Quote from: Marco Pontello on May 02, 2008, 11:46:52 AM
Uhm... I think that the PBIde haven't any particular feature that make it really special, so that a lot of Win developer already use something differents. Programmer's editor are very common (and more so under Linux), and it's highly probable, IMHO, that many developers already have a preferred editor that will be more than appy to use, simply adapting it to FreeBASIC: with a syntax file and a couple of parameters to run the compiler and parse the results, is a pretty common and easy job.

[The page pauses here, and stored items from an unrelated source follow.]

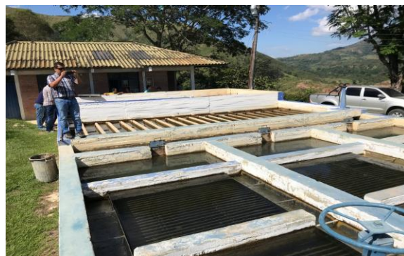
SEDIMENTADOR EXISTENTE. MUNICIPIO DE ROVIRA, TOLIMA
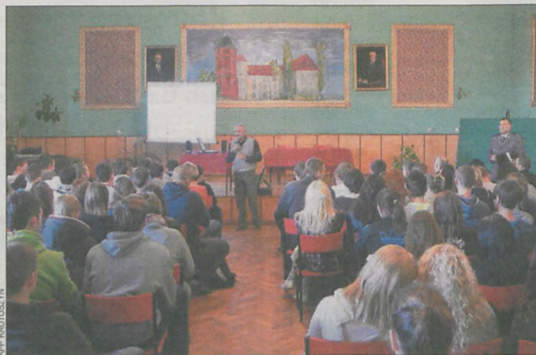
W konferencjach wzięło udział kilkuset młodych osób

W spotkaniach w Koźminie Wlkp. oraz Krotoszynie wzięło udział około 600 uczniów. Tematyka konferencji wpisuje się w realizowany na terenie powiatu krotoszyńskiego od 2003 r. program Bezpieczny powiat krotoszyński.
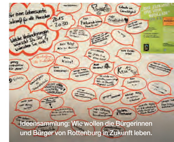
Ideensammlung: Wie wollen die Bürgerinnen und Bürger von Rottenburg in Zukunft leben.
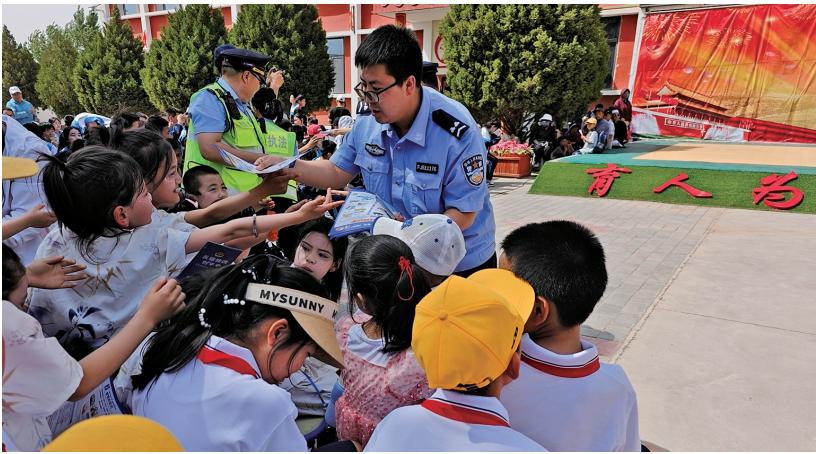
近日，沙坡头区公安分局民警走进辖区中小学校，为师生送去普法资料、讲授法治课。

连日来，沙坡头区公安分局组织各所队深入辖区中小学校，开展了一系列形式多样、内容丰富的安全普法宣传活动，将法律知识转化为生动实践，赢得了师生和家长的广泛好评。
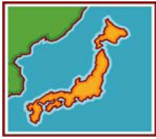
国民所得、県民所得の推計
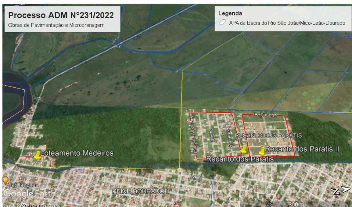
Planta de localização obtida através do Programa Google Earth .

A área de intervenção encontra-se fora dos limites da Unidade de Conservação Federal Área de Proteção Ambiental - APA da Bacia do Rio São João/ Mico-Leão-Dourado.
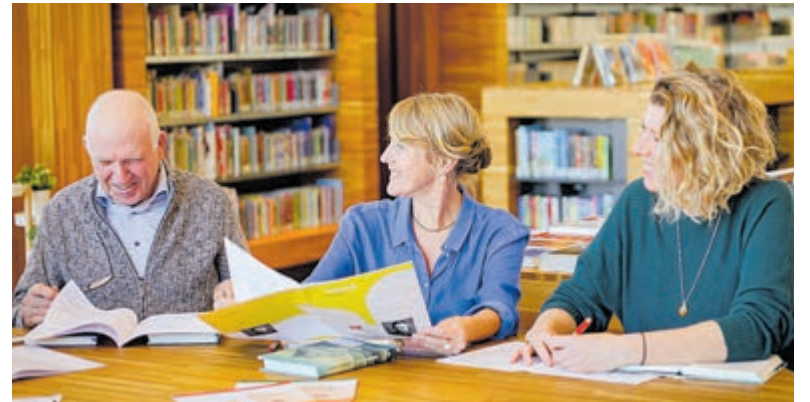
Verdiep je in geschiedenis met de leesclub. Foto aangeleverd.

Meer informatie over de leesclubs van Senia is te vinden op: www.senia.nl .
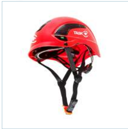
TL-0007 | TL-0006 | TL-0005
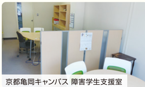
京都亀岡キャンパス 障害学生支援室
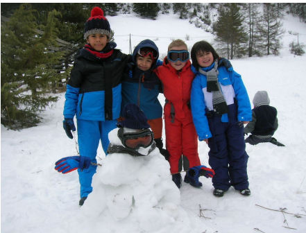
Nous avons fait un énorme bonhomme de neige.
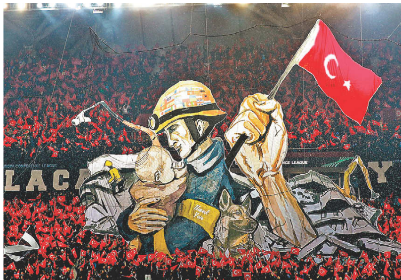
Aficionados del equipo turco de futbol Trabzonspor rindieron homenaje a Proteo, durante un encuentro ayer contra el Basilea, como parte de la UEFA Conference League.

"Se apagaron tus lamentos (...) se acabaron los juegos, el adiós, el llanto, tenerlo. Siento tu pérdida, mi querido amigo, y ver solo esa correa me dará recuerdos inolvidables. ¡Misión cumplida, campeón!", dijo su entrenador. PÁG. 17
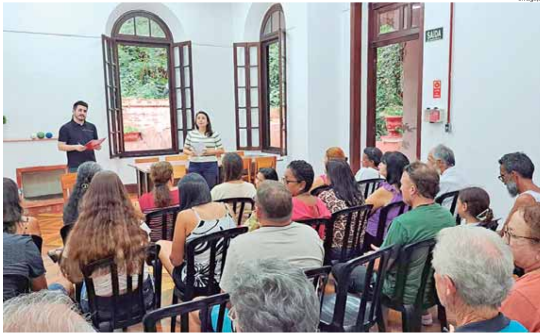
No início desta nova gestão, artesãos também participaram de reunião na Secretaria de Turismo

“É de fundamental importância estreitarmos nossos laços no intuito de desenvolver o turismo em Piracicaba. Nosso propósito é fazer uma gestão colaborativa, dando espaço a todos que queiram, de fato, colaborar para este propósito. Sugestões são sempre
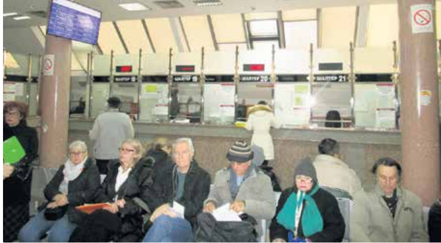
Шалтер сала београдске филијале
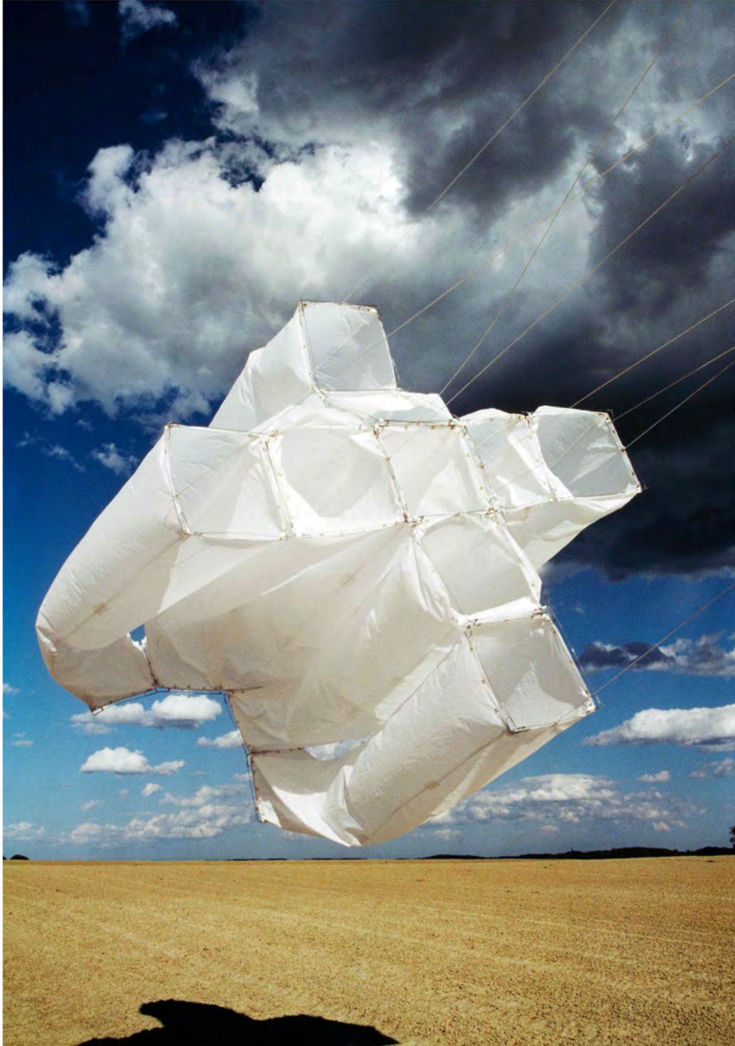
Forme multiple N°3, 1997 Lieu : Queensland/Australie

La forme Plastique BD, scotch, nylon L 500 x D 90 cm x 7 éléments
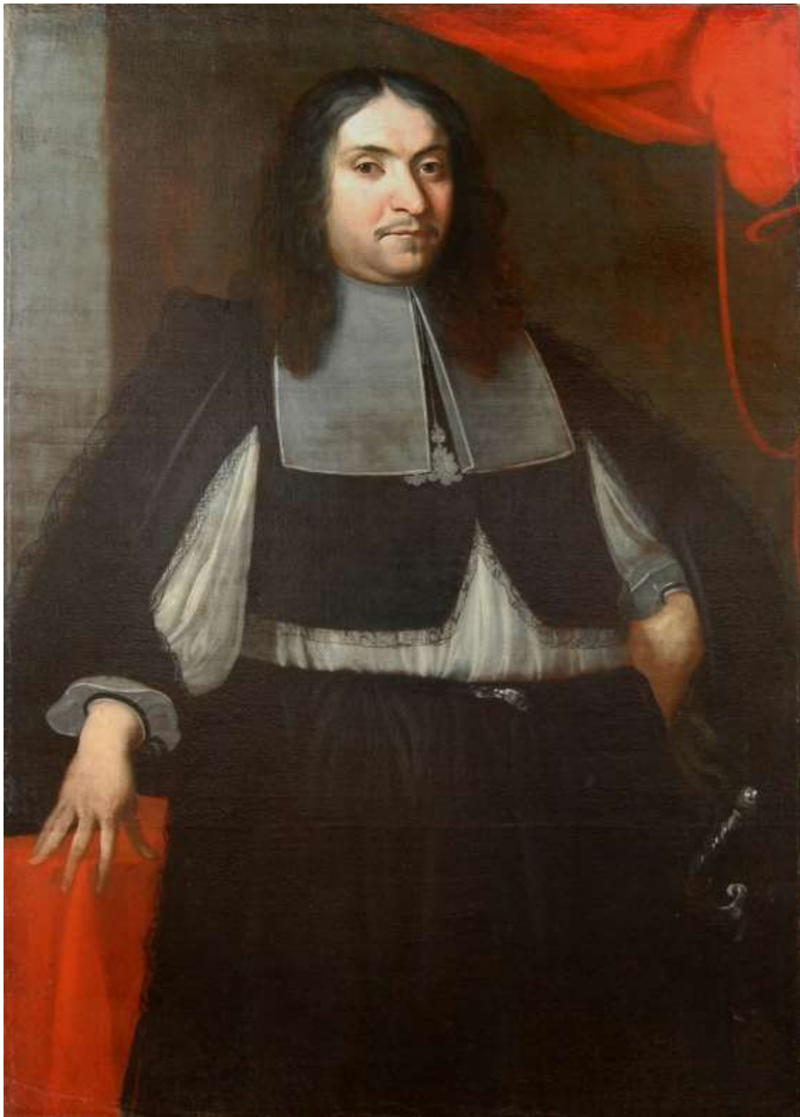
stav po opravě

"Not really special"?  Well. I agree that it doesn't have much in the way of sex appeal, but it is highly functional and well integrated to the compiler, debugger, assembler, and help file system.  It allows you to step the program, set break points, query the contents of variables, explore include files easily, view and modify the registers, view the stacked calls, step in and out of routines, customize fonts and size, have several source files opened at the same time, specify various paths, compile and run from the IDE, and provides generic and in-context help.  It also provides syntax checking and syntax highlighting, and is logically (if somewhat plainly) arranged.  There has been some quibbling about the lack of Project and version control, and there is always someone that finds something they either don't like, or want added to the IDE.  But overall, you don't really need another IDE for PowerBasic, you just have the option to use one if you prefer. 

Marco Pontello

Yes, not really special.
The only interesting features are the ones that relate to the debugger, obviously. Among the others, there are none uniques or not accomplished (sometimes better) by other editors.
The debugger iteself it isn't too friendly or advanced, IMHO, compared to other similar tools (Delphi, just to name one), so I don't miss it too much using other editors. I can count on the fingers of my hand the times I had resorted to load a source on PBIde to analyze a particular situation with the debugger.

It may be a subjective thing, but knowing that there are a lot of users that choosed to use other editors, instead of the one include, make me think I'm not the only one witch think so.

Off course this doesn't mean that it isn't usable, or that it can't be found perfectly sufficent by many others developers.

Donald Darden

iDE evaluations tend to be highly subjective, and some people develop a preference for one and try to use it wherever they can.  I find that having the debugger can be a great enabler, but there are other methods of diagnosing a problem in the code.    You use the methods that work best for you, and if you don't want to use the IDE that comes with the product, you just learn to do without some features that are not supported by tacked-on IDEs.  But to me, this always tends to give the native IDE an edge.